Supplied material >>
*** Block opens ***
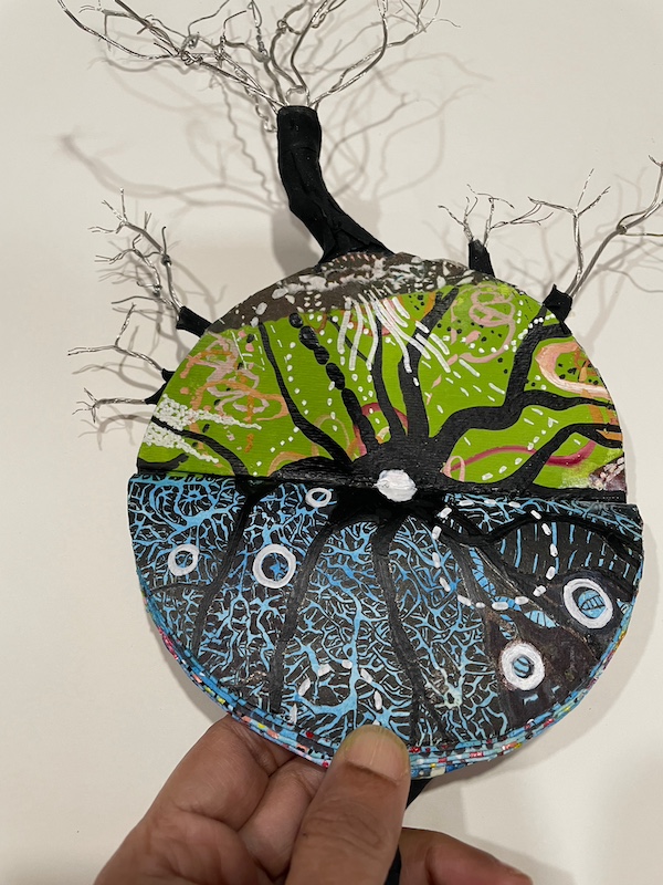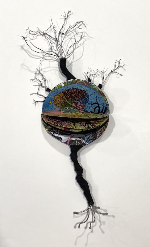 | The Neuronal Book, 2023, Book made with paper using sampled wood block prints on paper, gouache, acrylic paint and markers, thread, armature wire, plastic-coated stainless steel wire, stainless steel wire, glue dots, acrylic gel, and book binding tape, 20"x8" | ||
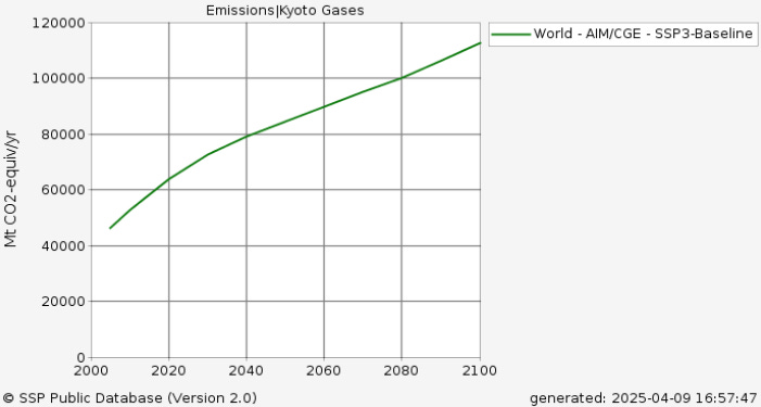 The figure below shows the GHG emissions of SSP-7.0 (where the 7.0 represents the level of radiative forcing in 2100), which exceed 110 gigatons carbon dioxide-equivalent in 2100.
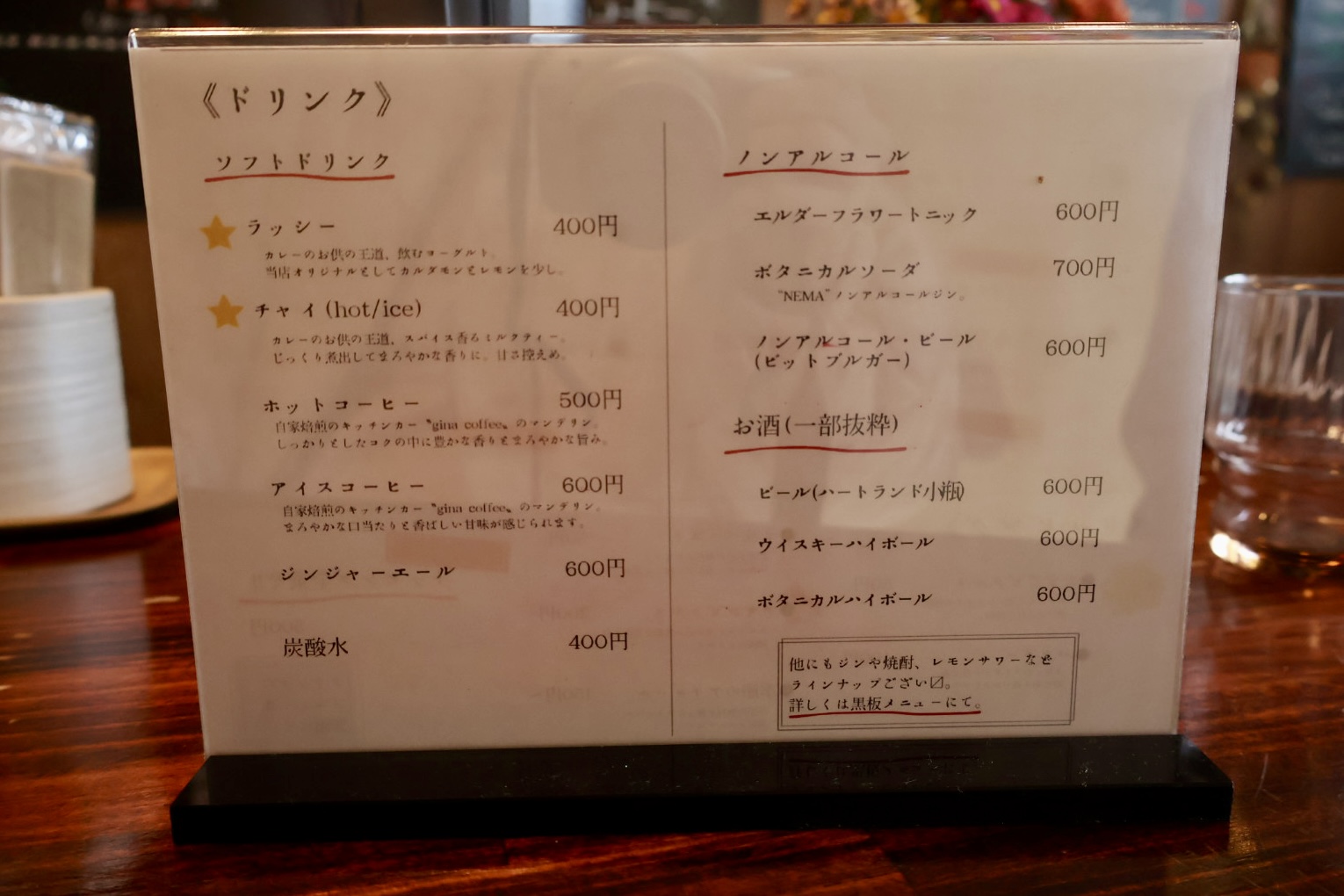 他にも、カレーに合うラッシーやチャイなど、さまざまなドリンクがありました。
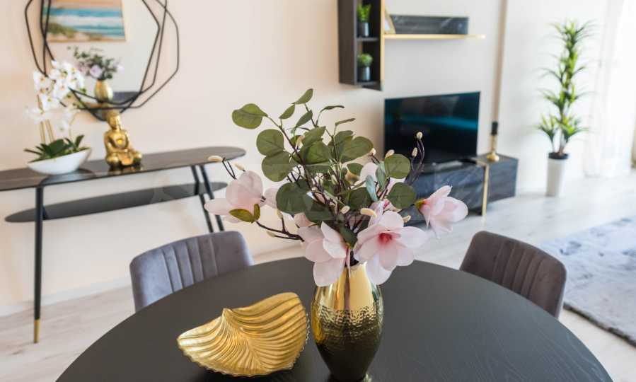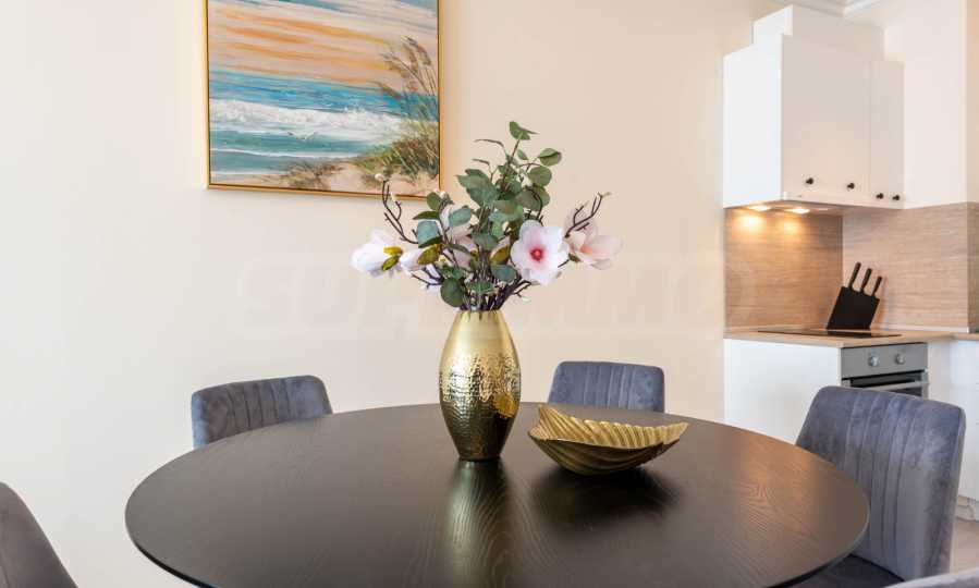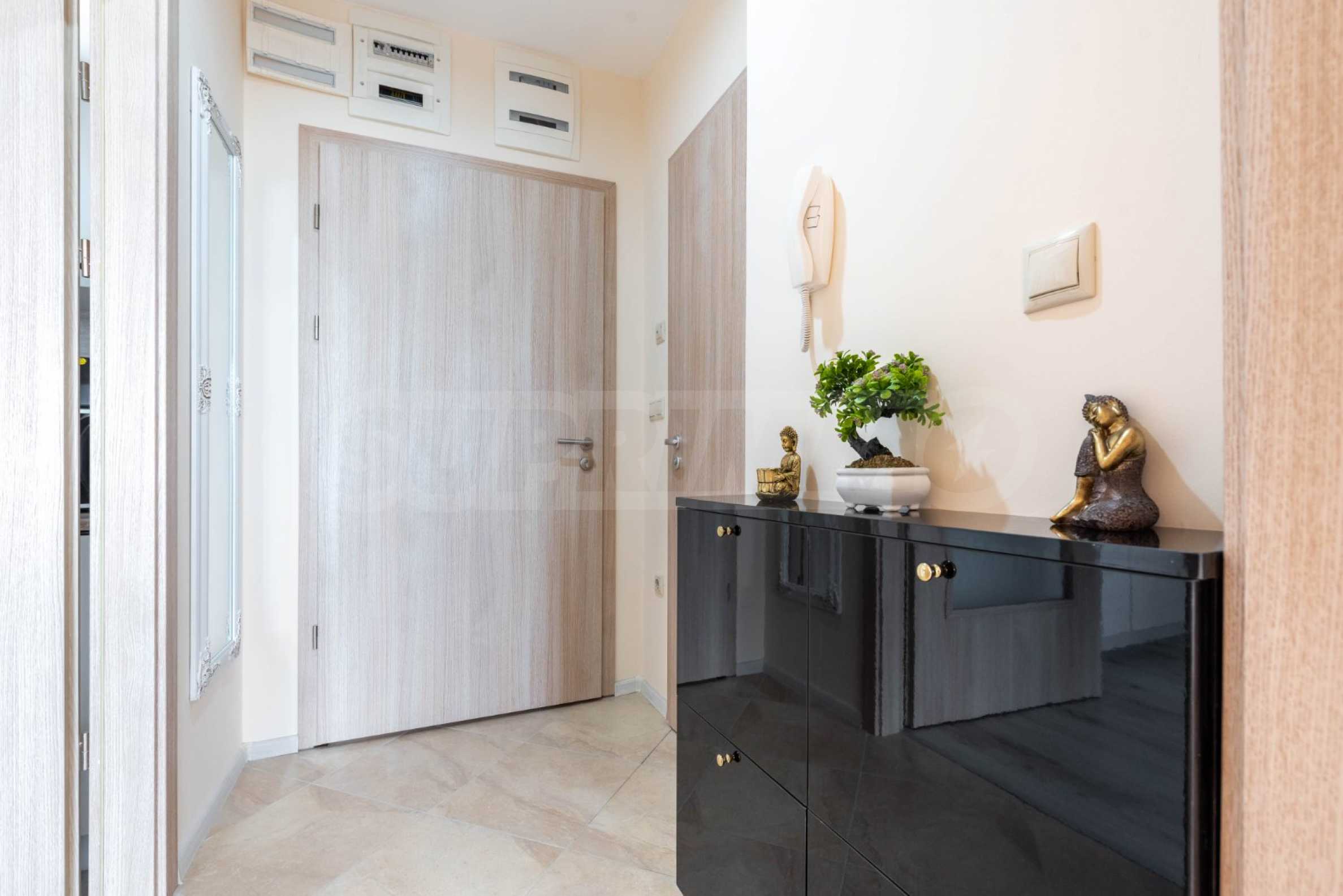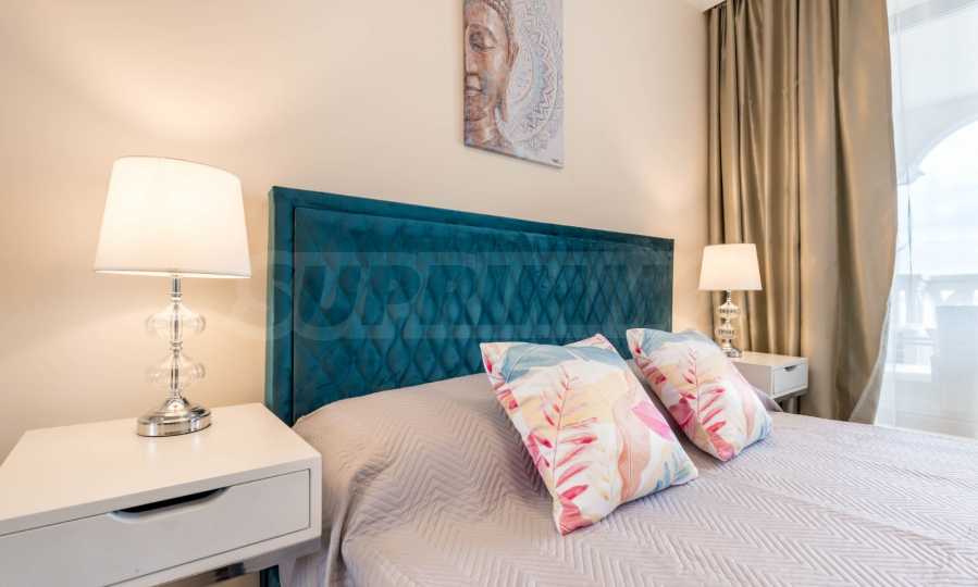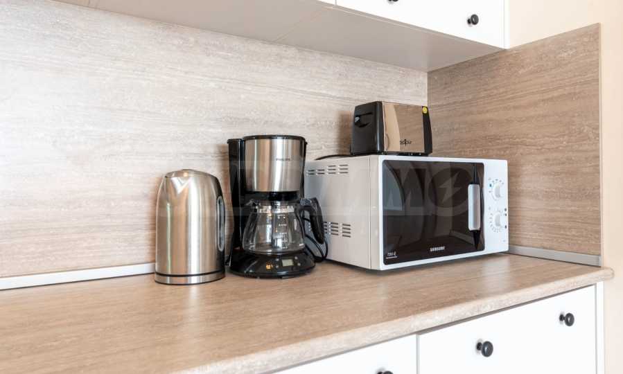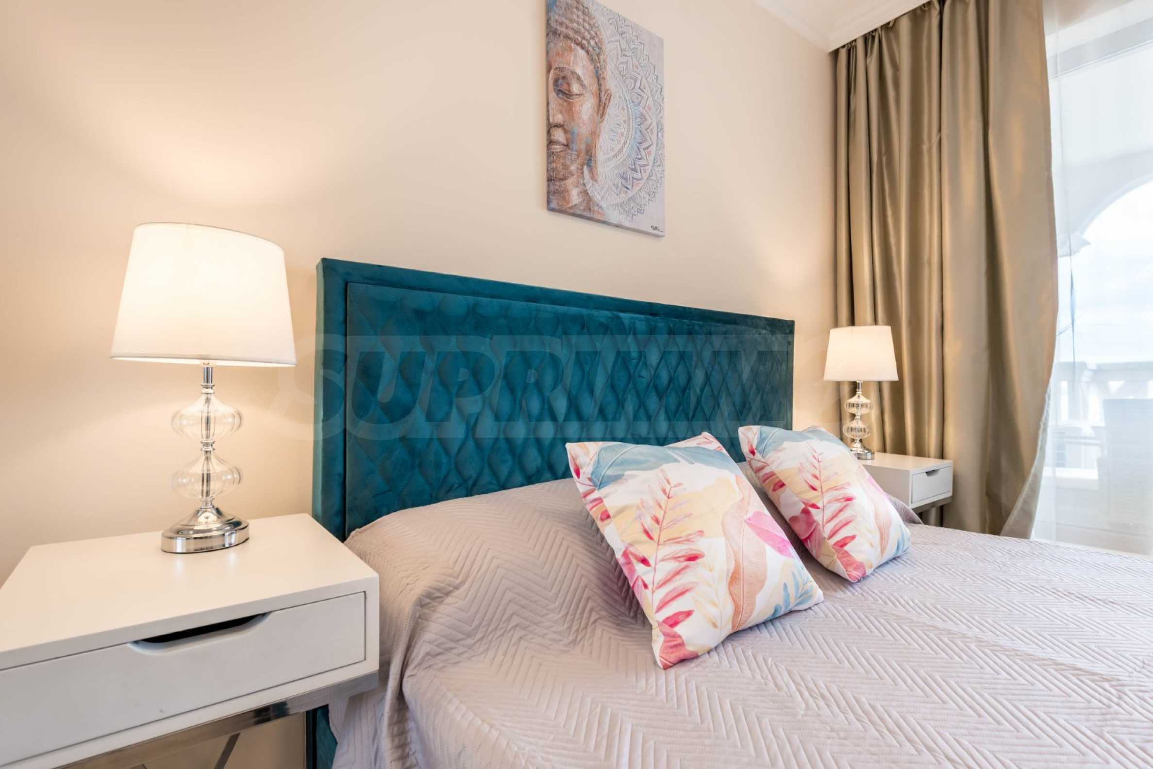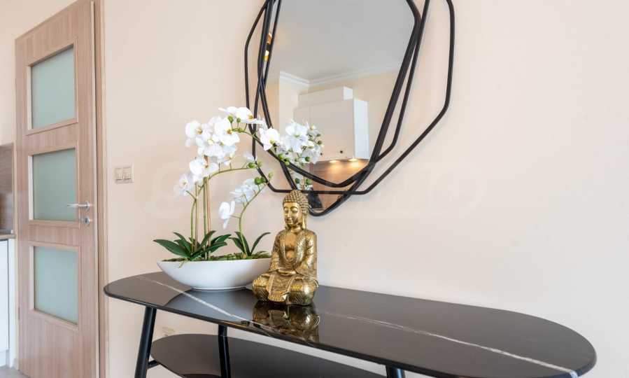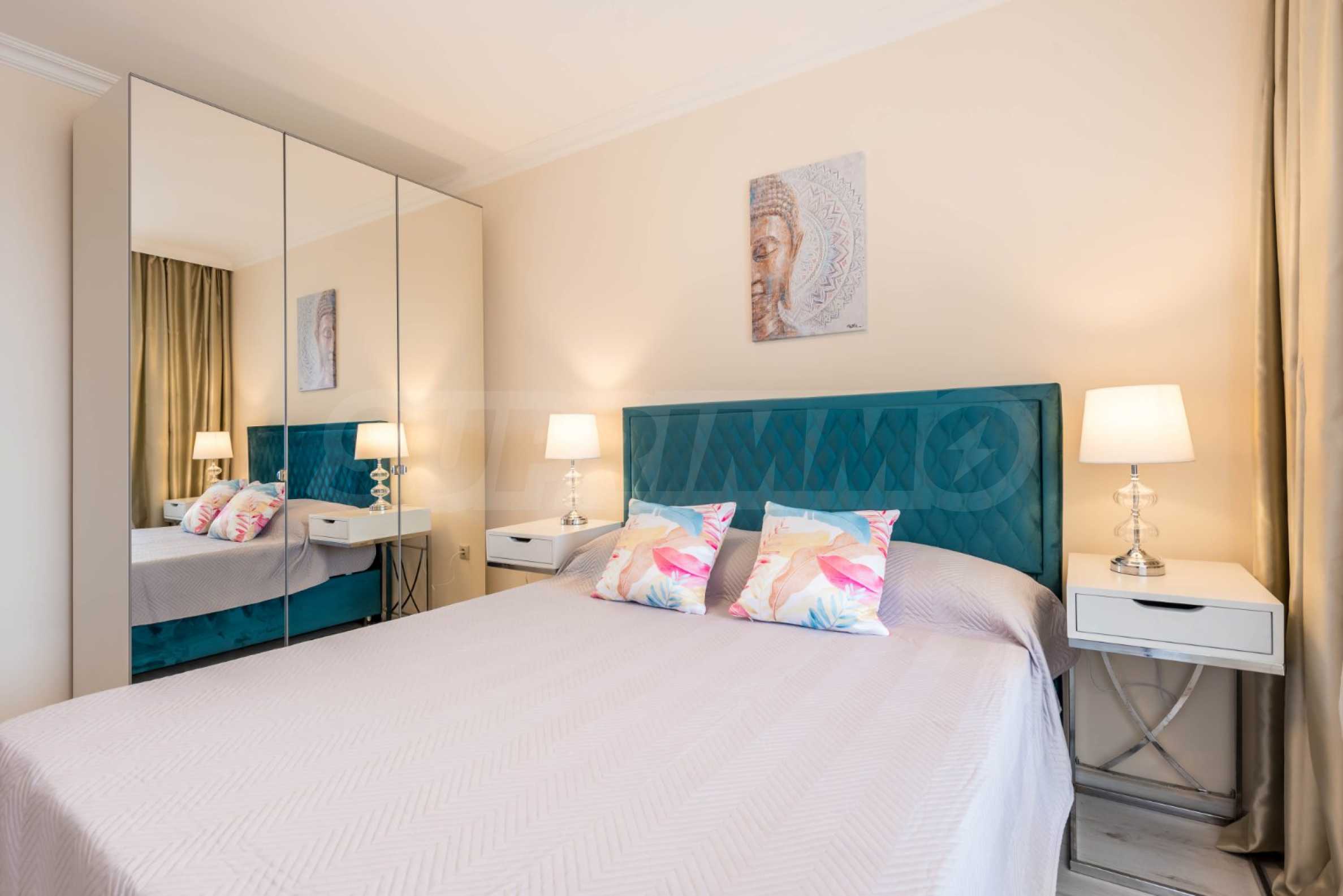 Апартаментът е първокласно обзаведен и оборудван с всичко необходимо за живеене: автоматична пералня, печка и голям хладилник, ТВ, бойлер и др. Интериорът е решен в светли тонове, със съвременни мебели и техника, и във всички стаи има монтирани климатици.
*** Block closes ***
Work to be completed >> The listing above should be repeated word for word, pictures removed.

Expected output >>
 | The Neuronal Book, 2023, Book made with paper using sampled wood block prints on paper, gouache, acrylic paint and markers, thread, armature wire, plastic-coated stainless steel wire, stainless steel wire, glue dots, acrylic gel, and book binding tape, 20"x8" | ||
 The figure below shows the GHG emissions of SSP-7.0 (where the 7.0 represents the level of radiative forcing in 2100), which exceed 110 gigatons carbon dioxide-equivalent in 2100.
 他にも、カレーに合うラッシーやチャイなど、さまざまなドリンクがありました。
 Апартаментът е първокласно обзаведен и оборудван с всичко необходимо за живеене: автоматична пералня, печка и голям хладилник, ТВ, бойлер и др. Интериорът е решен в светли тонове, със съвременни мебели и техника, и във всички стаи има монтирани климатици.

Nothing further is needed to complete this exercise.